In a tragic story made even sadder, a four-year-old girl was found hiding under her mother's body — eight hours after police sealed off the scene of a brutal shooting in the French Alps.

The girl, who was uninjured, was found by forensic investigators in the back of a SUV that also contained the bodies of her father and grandmother. The family, believed to be British, was on holiday at a campsite near Lake Annecy, a popular tourist destination in France. 

Eric Maillaud, who is leading the murder investigation, told AFP the traumatized four-year-old had stayed “curled up” under the bodies for eight hours and “didn't move in all that time."

Maillaud added: "She heard noises, shouts but she can't tell us any more than that. She is only four years old."

Dull but important:

Aid agency Save the Children's foreign staff have been ordered to leave Pakistan within two weeks.

The expulsion is thought to be fallout from the US operation in Pakistan that killed Osama bin Laden, the BBC said.

Following the raid on bin Laden's compound last year, a Pakistani doctor was arrested after it emerged he had helped the CIA locate bin Laden by setting up a fake vaccination campaign.

Pakistani intelligence officials have accused Save the Children of involvement, but the group denies these claims.  

Just because:

If Beijing's plan was to make Hong Kongers more patriotic through a program of "moral and national education," it seems to have already backfired.

Eleven people, including some students, have launched a hunger strike as part of efforts to force the government to withdraw the program, which is being introduced in several elementary schools.

Fears it would amount to "brainwashing" have spurred young people to organize against mainland China's perceived encroachment on Hong Kong's civil liberties.

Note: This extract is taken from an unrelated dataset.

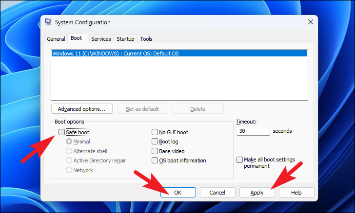 Step 3: Navigate to the Boot tab. Under the Boot options section, uncheck the box next to Safe boot to disable it. Click on Apply to save your changes, then click OK to close the window. A prompt will appear on your screen.
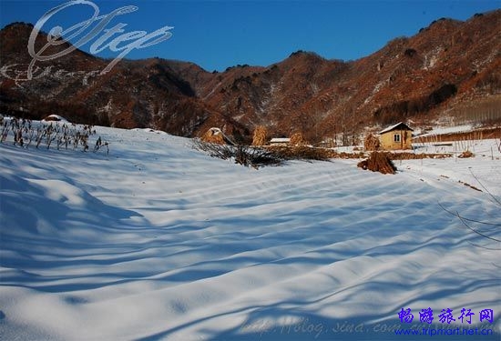 这天下午的天气相当好,阳光明媚,蓝天白云,白色的雪,黄褐色的山体。有趣的是,雪地里的雪被风吹成了波浪形状,大家管这个叫梯田雪,哈哈,自己发明的。

“The government ignores our feelings, so we need to use our bodies,” Tak-Wan Chan, a university student who has been on a hunger strike for 87 hours, told GlobalPost's Benjamin Carlson in Hong Kong.

Strange but true:

What is art?

Is it a nude lap dance at a strip club in upstate New York?

Sure, this may not be the most esoteric definition, but the Nite Moves strip club is arguing in New York's highest court that lap dances should be exempt from state taxes because they are art, and its strippers are artists.

The reason for the court battle is taxes, with the strip club claiming that its $11 cover charge and $20 dances should be exempt from sales tax.

Nite Moves is relying on testimony from a cultural anthropologist who has studied exotic dance, according to the AP. But the New York Attorney General's office argues the dancers "have no prior dance experience at all and simply learn moves from other dancers during slow shifts over time."

One person's art is another's lackluster lap dance, evidently.